L’historien Roger Moorhouse a découvert le plan visant à sauver les Juifs des camps de la mort comme Auschwitz
Et ils ont été courageux aussi : à un moment donné, les Allemands ont tenté, sans succès, d’infiltrer le groupe pour découvrir l’origine des passeports paraguayens. En effet, comme me l’a dit Moorhouse : « Même le gouvernement polonais en exil n’a eu connaissance de l’opération qu’au milieu de 1943, peu avant sa fin, ce qui montre à quel point sa sécurité opérationnelle était solide. »
C’était d’autant plus courageux que les Alliés étaient au courant du programme d’échange et s’y opposaient. Le Département d’État américain s’est montré particulièrement hostile : « Nous ne devrions pas être forcés, et nous ne devrions pas être disposés à accepter, une proposition qui est fondamentalement frauduleuse et inappropriée. »
Comme le dit Moorhouse : « L’opération Lados était un plan courageux et ingénieux, qui a donné à des milliers de Juifs une chance de survie.
« Cependant, dans le monde tourmenté et tordu de la Seconde Guerre mondiale, la question de savoir si cette chance pourrait se réaliser ne dépendait pas de Berne ou de Varsovie, mais de Washington et de tous les Alliés, pour qui sauver les Juifs de l’Holocauste n’était pas une priorité. priorité. »
Pour les 3 000 Juifs qui ont bravé leur sort grâce au Groupe Lados, l’arrivée mystérieuse de passeports au nom d’un pays dont peu de gens avaient entendu parler était sans aucun doute un miracle. Cela a également été le cas de ceux dont la vie a été sauvée par des diplomates étrangers à Kaunas, Berlin, Istanbul et Budapest.
Pourtant, cela ne représente que quelques milliers de vies au total, soit une infime fraction des près de six millions de personnes assassinées pendant l’Holocauste. Il est important que l’héroïsme du Groupe Lados et d’autres personnes qui ont sauvé des vies juives soit reconnu, même s’il est tout aussi important de reconnaître que c’était bien trop peu et certainement bien trop tard.
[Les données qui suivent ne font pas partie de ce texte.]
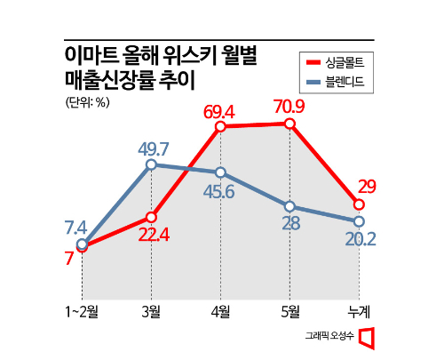 늘어난 수입량만큼 판매도 빠르게 증가하고 있다. 올해 이마트의 싱글몰트·블렌디드 위스키 매출액은 5월 말 기준 지난해 같은 기간보다 각각 29.0%, 20.2% 증가했다. 특히 싱글몰트 위스키는 1~2월 7.0%, 3월 22.4%, 4월 69.4%, 5월 70.9%로 매달 매출신장률을 끌어올리고 있다. 이마트 관계자는 “최근에는 전통적으로 인기가 있었던 블렌디드 위스키보다 증류소의 개성이 담긴 싱글몰트에 대한 수요가 지속적으로 이어지고 있다”며 “발베니, 맥캘란, 글렌피딕, 글렌파클라스 등 싱글몰트 위스키가 전체 매출 신장을 주도하고 있다”고 설명했다.

Et il existe une manière de reconnaître Aleksander Lados. Une autre vie sauvée grâce à un passeport du groupe Lados est celle de la défunte mère de Lord Daniel Finkelstein.
Le journaliste qui a récemment raconté l’histoire de sa propre famille dans Hitler, Staline, Maman et Papa, estime que Lados devrait être déclaré Juste parmi les Nations, aux côtés de 27 000 autres non-Juifs reconnus par le Musée de l’Holocauste Yad Vashem à Jérusalem pour avoir sauvé Juifs de l’Holocauste.
Lord Finkelstein dit que l’omission de Lados est « à la fois déroutante et regrettable… honorer Lados, c’est honorer la vérité ».
Les Forgers font un travail remarquable en mettant en lumière cette vérité peu connue.